- [EXERCISE BRIEF] Retype, word for word, every line of the records below starting at the one that contains "- VPC 간에는 기본적으로 네트워크 통신이 되지 않음" and ending at the one that contains "go into Settings"; include both of those lines and nothing more.

- [DATA RECORDS]
_ _ _ _ _
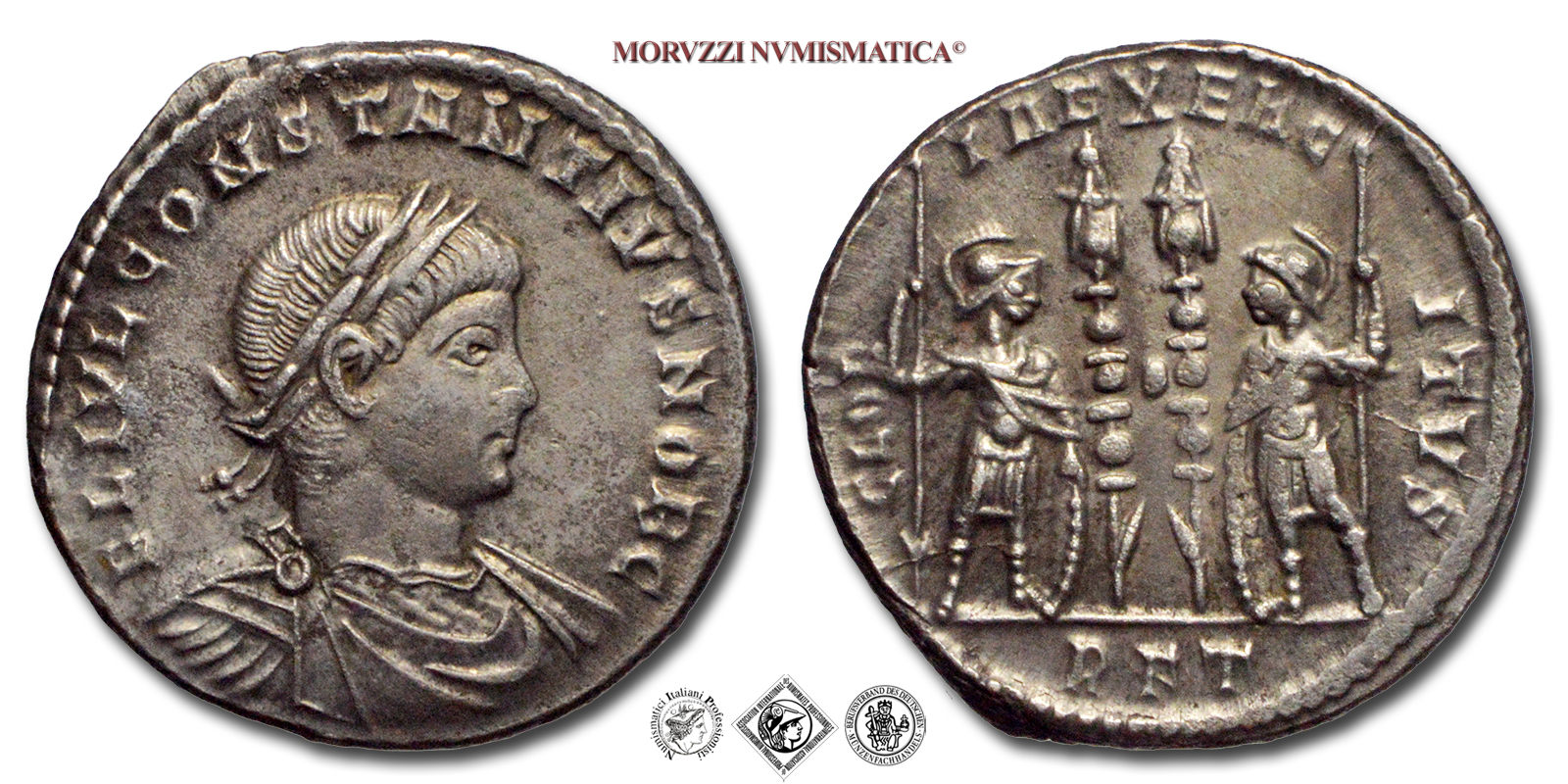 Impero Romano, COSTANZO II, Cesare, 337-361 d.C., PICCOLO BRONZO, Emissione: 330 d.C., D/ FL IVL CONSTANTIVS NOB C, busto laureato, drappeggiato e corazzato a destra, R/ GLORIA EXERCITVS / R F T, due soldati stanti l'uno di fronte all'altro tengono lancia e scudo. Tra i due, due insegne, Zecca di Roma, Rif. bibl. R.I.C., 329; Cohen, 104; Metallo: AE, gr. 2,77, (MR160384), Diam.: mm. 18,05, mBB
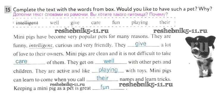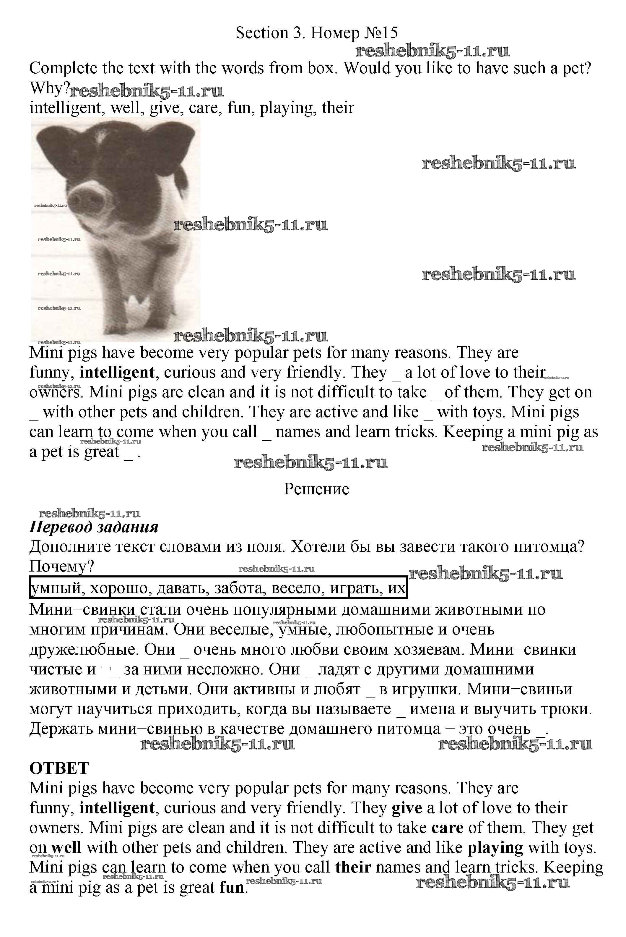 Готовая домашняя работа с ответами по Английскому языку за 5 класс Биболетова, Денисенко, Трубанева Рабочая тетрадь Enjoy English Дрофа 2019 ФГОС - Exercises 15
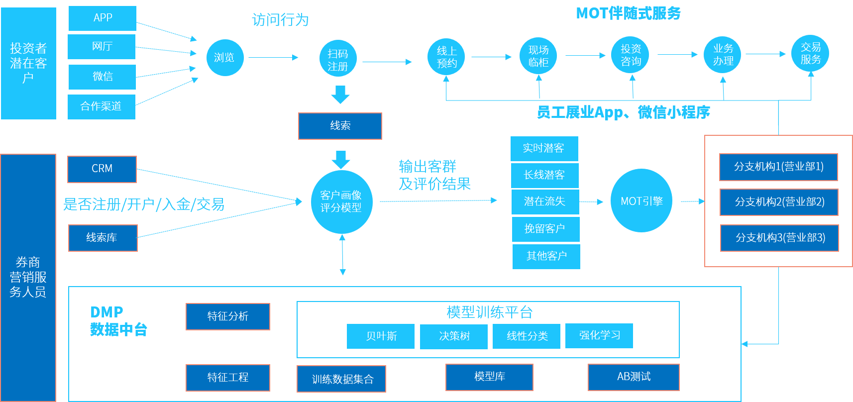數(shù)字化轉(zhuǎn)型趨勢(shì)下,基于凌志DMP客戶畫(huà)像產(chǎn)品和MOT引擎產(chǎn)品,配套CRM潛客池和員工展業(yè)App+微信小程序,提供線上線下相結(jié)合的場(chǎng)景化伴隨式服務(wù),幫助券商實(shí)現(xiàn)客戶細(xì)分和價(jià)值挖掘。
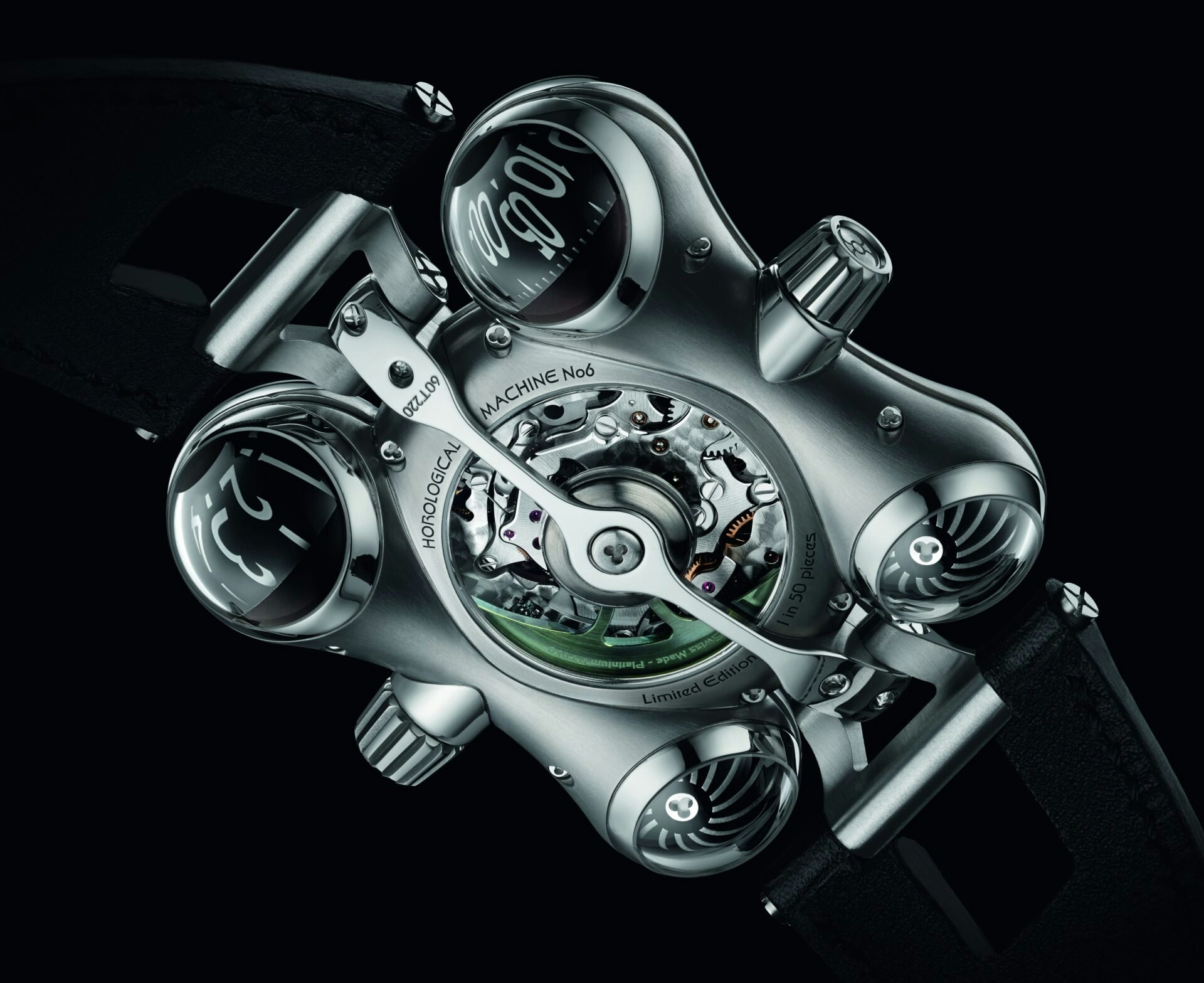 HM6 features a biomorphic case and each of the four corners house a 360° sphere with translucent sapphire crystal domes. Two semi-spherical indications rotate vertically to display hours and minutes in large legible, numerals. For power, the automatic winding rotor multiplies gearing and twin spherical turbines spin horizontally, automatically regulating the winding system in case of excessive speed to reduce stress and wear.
_ _ _ _ _
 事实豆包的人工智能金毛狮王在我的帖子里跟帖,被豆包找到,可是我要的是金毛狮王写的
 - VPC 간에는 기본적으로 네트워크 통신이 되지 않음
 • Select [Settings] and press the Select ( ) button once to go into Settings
_ _ _ _ _
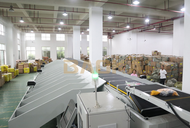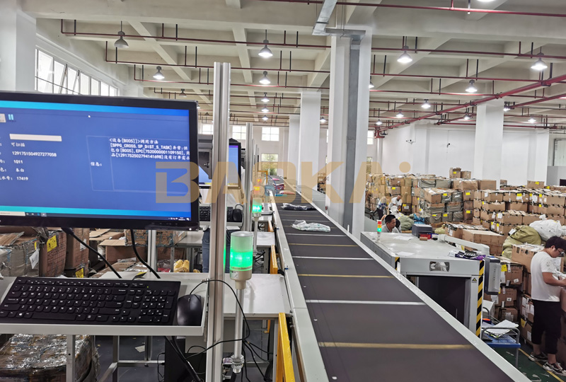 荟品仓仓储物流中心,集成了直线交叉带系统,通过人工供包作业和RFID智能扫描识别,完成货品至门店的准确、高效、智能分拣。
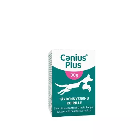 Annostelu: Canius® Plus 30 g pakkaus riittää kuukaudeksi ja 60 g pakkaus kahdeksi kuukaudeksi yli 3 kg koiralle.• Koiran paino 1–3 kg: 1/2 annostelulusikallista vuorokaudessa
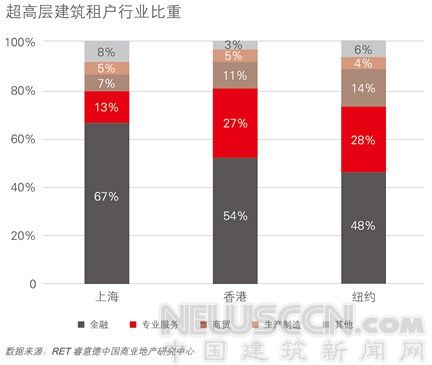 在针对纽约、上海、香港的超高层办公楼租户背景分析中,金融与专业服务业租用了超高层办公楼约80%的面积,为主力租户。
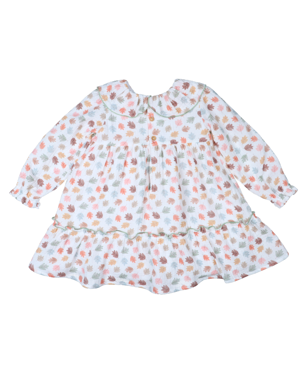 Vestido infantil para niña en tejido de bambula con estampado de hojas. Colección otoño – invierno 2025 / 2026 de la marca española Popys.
_ _ _ _ _
- [RESPONSE BOX]
 - VPC 간에는 기본적으로 네트워크 통신이 되지 않음
 • Select [Settings] and press the Select ( ) button once to go into Settings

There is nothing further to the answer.